Physical Society Colloquium

Physically Intelligent Robotics

David Meger

School of Computer Science
McGill University

There is a great need for robots that can operate in dynamic environments, such as oceans and rivers, but the physics involved are often difficult to model (for a computer scientist) and rapidly changing. This calls for physical intelligence: the ability of a system to autonomously learn about present physical conditions, behave productively according to this knowledge and adapt as circumstances change. I will describe research at McGill that has developed a simple physical intelligence for a swimming robot with six flippers. This method begins without any given model of the robot's hydrodynamics and utilises observed experience data to learn predictive models. In order to actively gather additional data and to improve behaviour, both the current model's prediction and its uncertainty are used to optimise the parameters of a neural network control policy. This approach achieves similar performance to the best human-crafted controllers in around 8 trials of simple swimming behaviours such as a corkscrew pattern.

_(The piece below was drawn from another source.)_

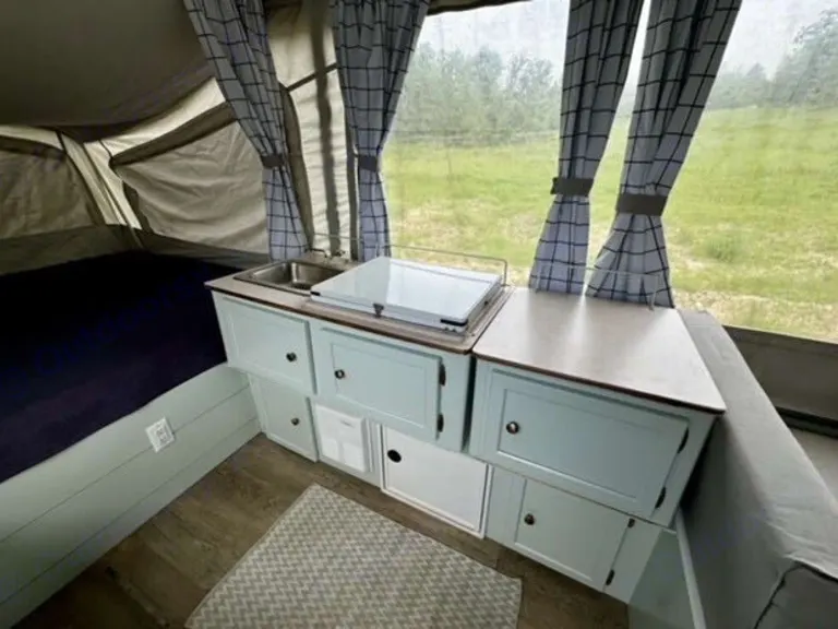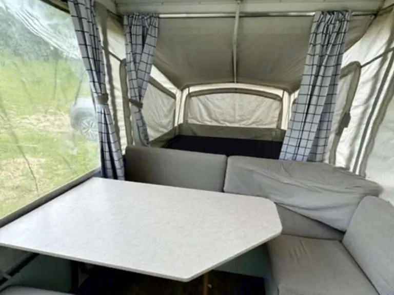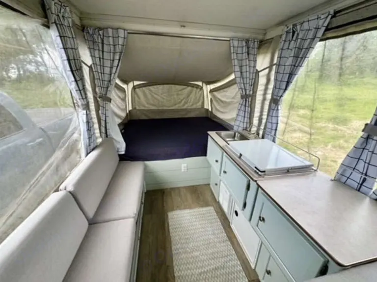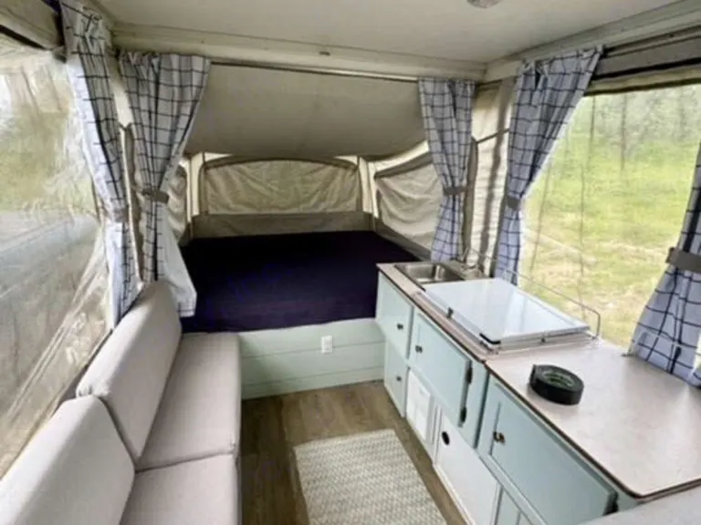 Nice remodeled pop up tent trailer. Perfect for your Fall getaway! Two pull out beds and two convertible beds (table converts to a bed & there is a pull out twin bed); sleeps up to 6 adults comfortably.

The second half of the talk will discuss a variety of approaches to extend the “intelligence” of these basic techniques. Rather than re-learning models and controllers when small changes occur, we have developed methods to rapidly adjust to new circumstances by automated analysis of the differences in observed dynamics. This approach also allows the expensive computations of initial learning to occur in a crudely approximate software simulation, leaving only rapid refinement steps to be carried out on hardware robots. I will finally describe recent progress that allows robots to imitate human behaviours, on dynamics models that learn even faster by using physically-motivated basis functions, and I will show videos of robots swimming in warm places like the Caribbean Ocean to combat the rainy Montreal weather.